(TASK MATERIAL Opens)

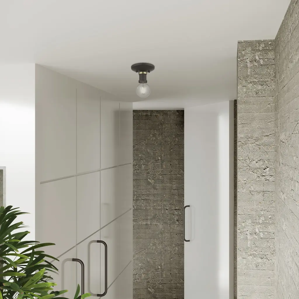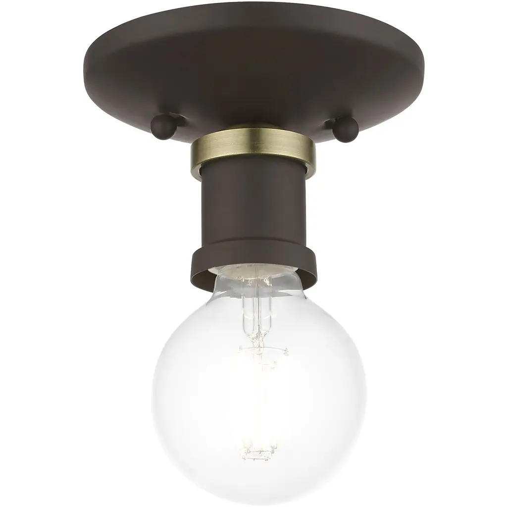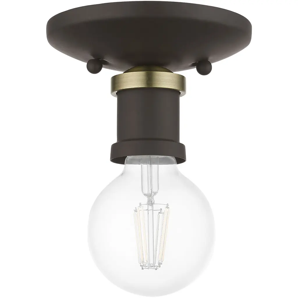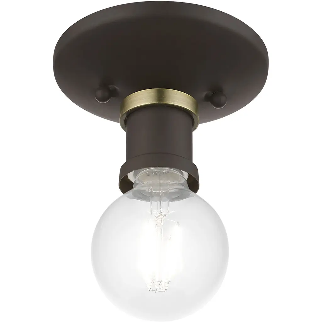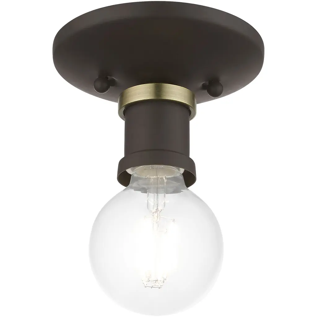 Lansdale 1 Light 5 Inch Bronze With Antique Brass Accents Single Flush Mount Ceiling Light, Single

(TASK MATERIAL Closes)
(TASK MATERIAL Opens)

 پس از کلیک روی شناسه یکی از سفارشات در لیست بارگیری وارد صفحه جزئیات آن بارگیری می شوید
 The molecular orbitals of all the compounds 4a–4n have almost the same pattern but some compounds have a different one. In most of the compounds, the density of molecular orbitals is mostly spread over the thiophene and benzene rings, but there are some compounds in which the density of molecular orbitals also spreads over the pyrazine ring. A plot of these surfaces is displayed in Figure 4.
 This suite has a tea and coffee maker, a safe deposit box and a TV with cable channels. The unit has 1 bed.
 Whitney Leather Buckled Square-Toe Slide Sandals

(TASK MATERIAL Closes)

### [WHAT IS REQUIRED]
In the data above, retype exactly and only the lines between the one holding "The molecular orbitals" and the one holding "Whitney Leather Buckled", inclusive.

### [ANSWER SPACE]
 The molecular orbitals of all the compounds 4a–4n have almost the same pattern but some compounds have a different one. In most of the compounds, the density of molecular orbitals is mostly spread over the thiophene and benzene rings, but there are some compounds in which the density of molecular orbitals also spreads over the pyrazine ring. A plot of these surfaces is displayed in Figure 4.
 This suite has a tea and coffee maker, a safe deposit box and a TV with cable channels. The unit has 1 bed.
 Whitney Leather Buckled Square-Toe Slide Sandals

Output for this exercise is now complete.